I found another fix that can help decrease the first prediction time. I changed the load() method of the BaseAutoML class so that it just loads the neccesary models to predict, not all the trained models: image

  1. It's still too slow. The time doesn't seem to increase a lot with more samples. image
  2. The submodels that make up the ensemble are: image
  3. I trained with mode='Perform' and total_time_limit=60*60*16. The train dataset shape is (88643, 23)
  4. @decorators.timer
    def predict(model, X):
        return model.predict(X)   
    
    automl = AutoML(
        results_path=str(model_dir)
    )
    print('Cold prediction')
    y = predict(automl, X_test.head(1))
    print('')
    print('Number of sample:', 1)
    y = predict(automl, X_test.head(1))
    for i in range(5, 200, 20):
        print('Number of samples:', i)
        y = predict(automl, X_test.head(i))
pplonski commented 3 years ago

Thank you @RafaD5, I've found one more thing that slows down the prediction time. I'm always loading out-of-folds predictions when loading models. It is needed when the training is interrupted to continue training (oofs are needed for ensemble and stacking). There will 3 steps to speed-up predictions:

I'm working on this right now, so the fix should be today/tomorrow.

pplonski commented 3 years ago

@RafaD5 @salomonMuriel I've pushed fixes to the dev branch, to install the package with the newest changes please run:

pip install -U git+https://github.com/mljar/mljar-supervised.git@dev

I checked the solution by running few examples and it was working fine.

What I did:

The changes are not backward compatible so there is a need to retrain models from scratch.

salomonMuriel commented 3 years ago

That's great @pplonski ! Much appreciated. Our work with @RafaD5 and I believe that of many users of the package in production environments is very much affected by response times so every msec counts.

Another possible change would be to pre-load the models needed for prediction on the class init from a pre-trained set of moldes (so basically when a folder path is provided), so that they would be already loaded when .predict() is called. Maybe it could be added as an optional boolean parameter?

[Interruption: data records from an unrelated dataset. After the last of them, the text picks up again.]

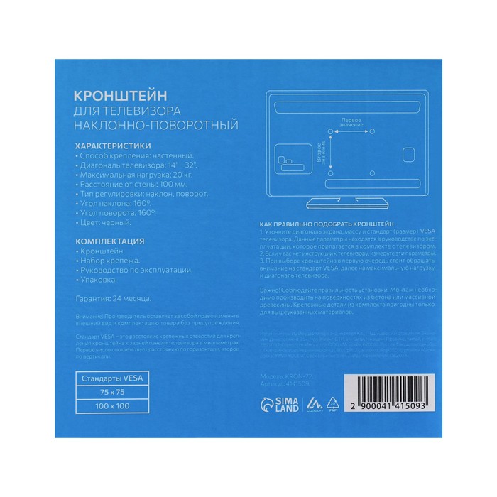 Кронштейн предназначен для крепления на стену большинства плоских телевизоров с диагональю от 14 до 32 дюймов. Выдерживает большую нагрузку, имеет прочный фиксирующий механизм, с помощью которого надёжно удерживает телевизор. Кроме того, в данной модели возможна регулировка наклона и поворота телевизора. Кронштейн позволяет закрепить телевизор в оптимальном положении как дома, так и в общественных местах.
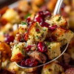 A delightful blend of savory sausage, tart cranberries, and crisp apples, this stuffing is perfect for festive gatherings or cozy family dinners.
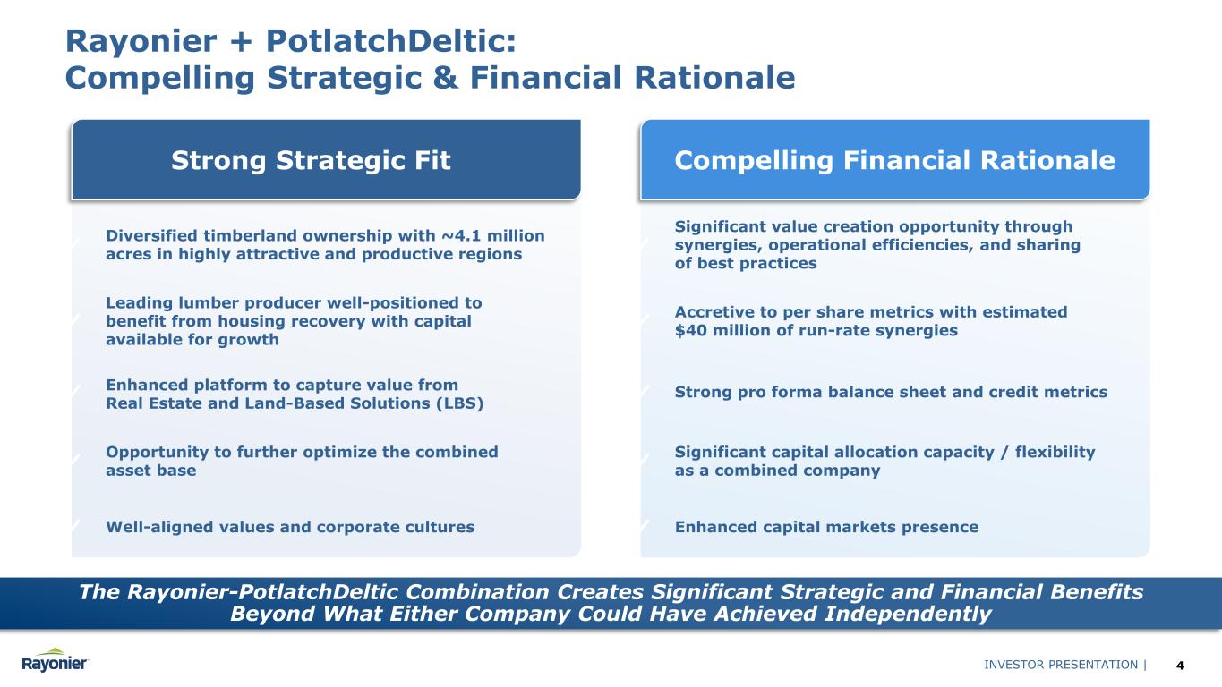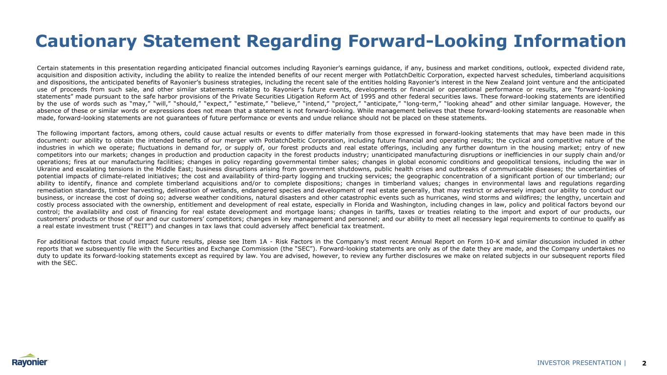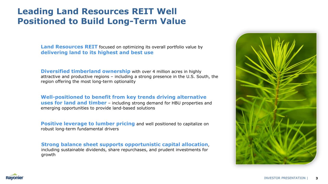 2 Certain statements in this presentation regarding anticipated financial outcomes including Rayonier’s earnings guidance, if any, business and market conditions, outlook, expected dividend rate, acquisition and disposition activity, including the ability to realize the intended benefits of our recent merger with PotlatchDeltic Corporation, expected harvest schedules, timberland acquisitions and dispositions, the anticipated benefits of Rayonier’s business strategies, including the recent sale of the entities holding Rayonier’s interest in the New Zealand joint venture and the anticipated use of proceeds from such sale, and other similar statements relating to Rayonier’s future events, developments or financial or operational performance or results, are “forward-looking statements” made pursuant to the safe harbor provisions of the Private Securities Litigation Reform Act of 1995 and other federal securities laws. These forward-looking statements are identified by the use of words such as “may,” “will,” “should,” “expect,” “estimate,” “believe,” “intend,” “project,” “anticipate,” “long-term,” “looking ahead” and other similar language. However, the absence of these or similar words or expressions does not mean that a statement is not forward-looking. While management believes that these forward-looking statements are reasonable when made, forward-looking statements are not guarantees of future performance or events and undue reliance should not be placed on these statements. The following important factors, among others, could cause actual results or events to differ materially from those expressed in forward-looking statements that may have been made in this document: our ability to obtain the intended benefits of our merger with PotlatchDeltic Corporation, including future financial and operating results; the cyclical and competitive nature of the industries in which we operate; fluctuations in demand for, or supply of, our forest products and real estate offerings, including any further downturn in the housing market; entry of new competitors into our markets; changes in production and production capacity in the forest products industry; unanticipated manufacturing disruptions or inefficiencies in our supply chain and/or operations; fires at our manufacturing facilities; changes in policy regarding governmental timber sales; changes in global economic conditions and geopolitical tensions, including the war in Ukraine and escalating tensions in the Middle East; business disruptions arising from government shutdowns, public health crises and outbreaks of communicable diseases; the uncertainties of potential impacts of climate-related initiatives; the cost and availability of third-party logging and trucking services; the geographic concentration of a significant portion of our timberland; our ability to identify, finance and complete timberland acquisitions and/or to complete dispositions; changes in timberland values; changes in environmental laws and regulations regarding remediation standards, timber harvesting, delineation of wetlands, endangered species and development of real estate generally, that may restrict or adversely impact our ability to conduct our business, or increase the cost of doing so; adverse weather conditions, natural disasters and other catastrophic events such as hurricanes, wind storms and wildfires; the lengthy, uncertain and costly process associated with the ownership, entitlement and development of real estate, especially in Florida and Washington, including changes in law, policy and political factors beyond our control; the availability and cost of financing for real estate development and mortgage loans; changes in tariffs, taxes or treaties relating to the import and export of our products, our customers’ products or those of our and our customers’ competitors; changes in key management and personnel; and our ability to meet all necessary legal requirements to continue to qualify as a real estate investment trust (“REIT”) and changes in tax laws that could adversely affect beneficial tax treatment. For additional factors that could impact future results, please see Item 1A - Risk Factors in the Company’s most recent Annual Report on Form 10-K and similar discussion included in other reports that we subsequently file with the Securities and Exchange Commission (the “SEC”). Forward-looking statements are only as of the date they are made, and the Company undertakes no duty to update its forward-looking statements except as required by law. You are advised, however, to review any further disclosures we make on related subjects in our subsequent reports filed with the SEC. Cautionary Statement Regarding Forward-Looking Information INVESTOR PRESENTATION |

pplonski commented 3 years ago

@salomonMuriel I agree, the parameter to load models can be a way to go, I need to think about how this can be effectively implemented. I will let you know at the beginning of the next week.

pplonski commented 3 years ago

@salomonMuriel I thought about this and it will be implemented in the following way:

pplonski commented 3 years ago

All code updates are in the dev branch. The changes:

The changes will go to the 0.9.0 release.

salomonMuriel commented 3 years ago

Amazing @pplonski !! Thanks so much, this is extremely helpful.